VMWare Player Prebuilt Virtual Machines
January 6th, 2006 by Mark Rittman
Spotted
via
Duncan Lamb’s site: the
"Community Virtual
Machines" page on the VMWare website, where you can download prebuilt
virtual machines for use with VMWare and the new (free) VMWare Player,
including:
- Debian Sarge 3.1
- Fedora Core 4
- Fedora Core 5 Test 1
- FreeBSD 6.0
- KDE on SuSE OSS 10.0
- Kubuntu (KDE on
Ubuntu)
Of course there’s the standard "supported" VMs as well, including ones for
Ubuntu,
SuSE 10,
Oracle on Red Hat and
mySQL on SuSE. Sounds
like an excellent way to try out a new distro or development environment without
worry about laptop hardware compatibility.
January 7th, 2006 at 12:12 am
I already have a bunch of CentOS (free clone of Redhat) VMs built with the main Oracle tools and examples loaded on them. I want to post them on the net, but I can’t afford the bandwidth, anyone have a site I can post them on? or at least seed a BitTorrent download from?
January 7th, 2006 at 7:05 pm
Matt, do you have any idea how much bandwidth hosting the torrent would take? If it’s going to be no more than 5-10Gb I’d be happy to host it. But - are we able to redistribute the Oracle software? I somehow suspect not, that’s why XE was marketed as being “freely redistributable”…
January 8th, 2006 at 3:44 am
I hate pre-built VMware machines. You might as well just put up a big sign saying “Dialup Users Need Not Apply”, and another one that reads “Broadband Users: Brains Entirely Optional”.
Half the battle with “trying out” any new distro is knowing its installation quirks and peculiarities. Three quarters of the battle with learning Oracle is installing the bloody thing! Take all that away, and what are you left with? A cutesey tool that lulls people into (a) a false sense of security and (b) a “can you do it for me?” mindset.

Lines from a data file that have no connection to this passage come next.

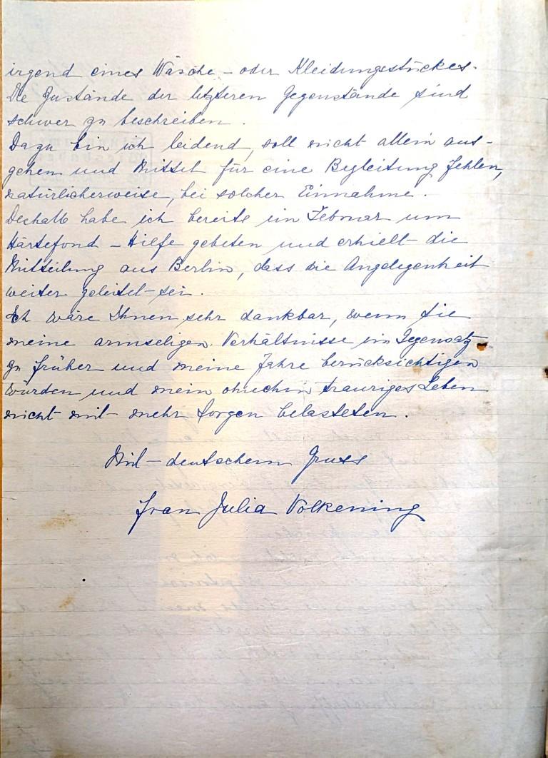 Ich wäre Ihnen sehr dankbar, wenn Sie meine armseligen Verhältnisse im Gegensatz zu früher und meine Jahre berücksichtigen würden und mein ohnehin trauriges Leben nicht mit mehr Sorgen belasteten.
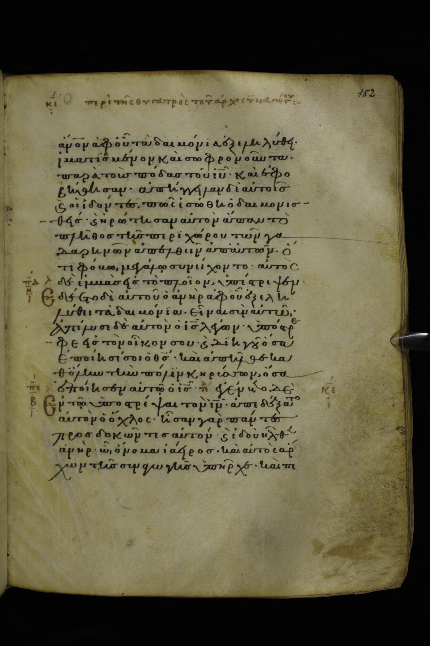 Twelfth century minuscule of the Gospels on parchment; 277 leaves, 1 column, 22 lines per column. Images were taken at the National Library of Greece in Athens.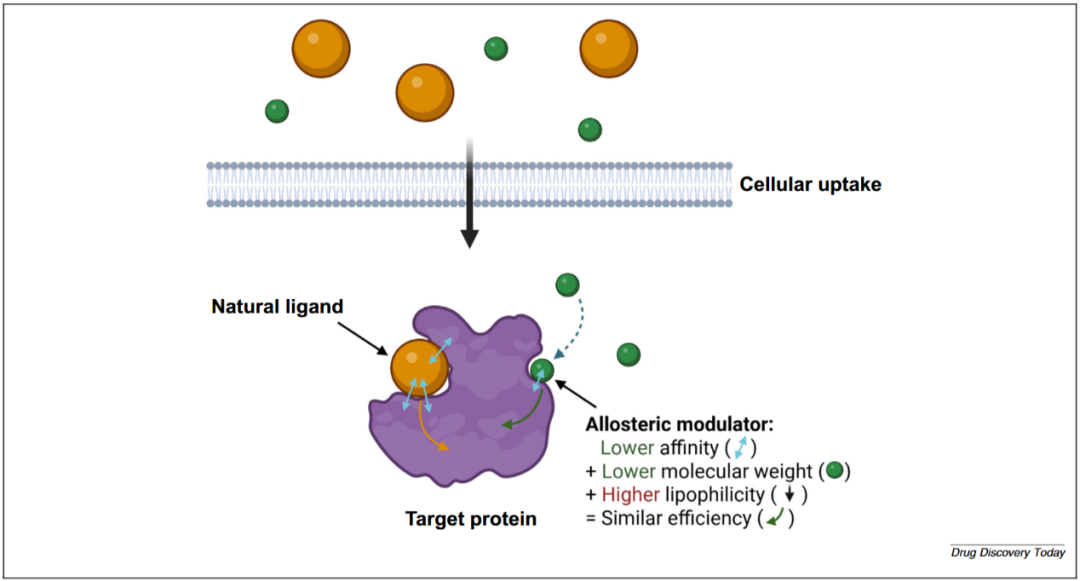 结合亲和力与生物活性本质上是两个截然不同的概念,然而许多AI驱动的药物发现方法却使用同一种模型来同时预测二者。从定义上看,生物活性指的是某种物质在生物体系中诱导生理或生化效应的能力,通常用于描述分子、药物或化学物质对生物体的影响;而结合亲和力则是指生物分子与其结合配体之间相互作用的强度。两者之间并不存在单调对应关系。如图1别构调节剂例子所示,较低的结合亲和力可通过减小分子量与增强脂溶性得到补偿,从而实现相似的结合效率或生物活性。

In short, advertising the existence of someone else having expended all the effort for you is not a public service, in my book!
January 9th, 2006 at 5:36 am
Mark, thats the problem, the VM is about 8GB in size. I’ve checked with some of the BI team and its fine to host them out there so long as they are used for development use and not for production environments (i.e. they follow the OTN download rules and regs). However, minimally it would probably be 100GB a month of bandwidth (minimum). I’m trying to find a hosting option, we’ll see what happens.
January 9th, 2006 at 7:13 am
Matt - wouldn’t hosting the torrent take up far less bandwidth than hosting the whole VM, surely that’s the point? I wouldn’t have thought the size of the target file would have come in to it (at least in the long term), but I’m no expert on Bittorrent.
Good luck anyway
January 26th, 2006 at 6:21 am
Howard - I disagree with your post. The beauty of a pre-built VM is that you don’t have to deal with all of the installation quirks! As a developer, if I’m curious as to whether my database abstraction layer will truely work with Oracle, I don’t want to spend the time setting up a dedicated server with an Oracle DB, I’ll leave that to the DBA!
As with any of the other pre-built VM’s, the idea is to see if it will work for you before you expend the effort.
March 9th, 2006 at 8:25 pm
Matt, I am willing to host your virtual machine(s) for you. Please get in touch!